(Items from a data source)
------------------------------------------------------------

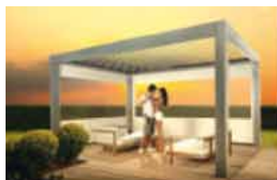
B-200 ODL (Louvres)
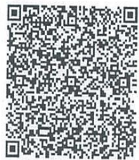
王龙旷年检二维码

本证书经检验合格, 继续有效一年。 This certificate is valid for another year after this renewal.
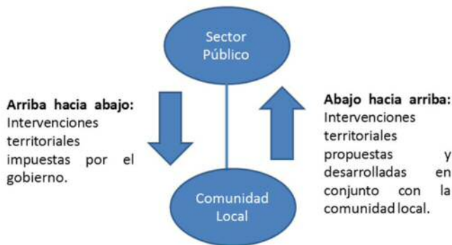
Figura 2. Direcciones de la gobernanza

En este artículo, se comprende a la gobernanza como una alianza entre el sector público, privado y comunidad local, para hacer frente a problemas territoriales y desarrollar posibles soluciones, estrategias o políticas públicas. En el último tiempo se viene considerando a la sociedad civil en la gobernanza, ya que en su origen fue desarrollada por los gobiernos para que el sector privado sea un brazo en la gestión gubernamental, sobre todo en temas económicos, en donde las decisiones de las intervenciones a desarrollar en los territorios, eran tomadas por unos pocos desde arriba hacia abajo. Sin embargo, también surgen gobernanzas de corrientes endógenas, con una lógica de abajo hacia arriba que toma fuerza, aquí las soluciones a los problemas del desarrollo territorial son impulsadas por las propias organizaciones locales y/o comunitarias (Mayntz 1998, Pacheco et. al 2014).

------------------------------------------------------------

From the first line to the last, output the records exactly without pictures.

B-200 ODL (Louvres)
王龙旷年检二维码

本证书经检验合格, 继续有效一年。 This certificate is valid for another year after this renewal.
Figura 2. Direcciones de la gobernanza

En este artículo, se comprende a la gobernanza como una alianza entre el sector público, privado y comunidad local, para hacer frente a problemas territoriales y desarrollar posibles soluciones, estrategias o políticas públicas. En el último tiempo se viene considerando a la sociedad civil en la gobernanza, ya que en su origen fue desarrollada por los gobiernos para que el sector privado sea un brazo en la gestión gubernamental, sobre todo en temas económicos, en donde las decisiones de las intervenciones a desarrollar en los territorios, eran tomadas por unos pocos desde arriba hacia abajo. Sin embargo, también surgen gobernanzas de corrientes endógenas, con una lógica de abajo hacia arriba que toma fuerza, aquí las soluciones a los problemas del desarrollo territorial son impulsadas por las propias organizaciones locales y/o comunitarias (Mayntz 1998, Pacheco et. al 2014).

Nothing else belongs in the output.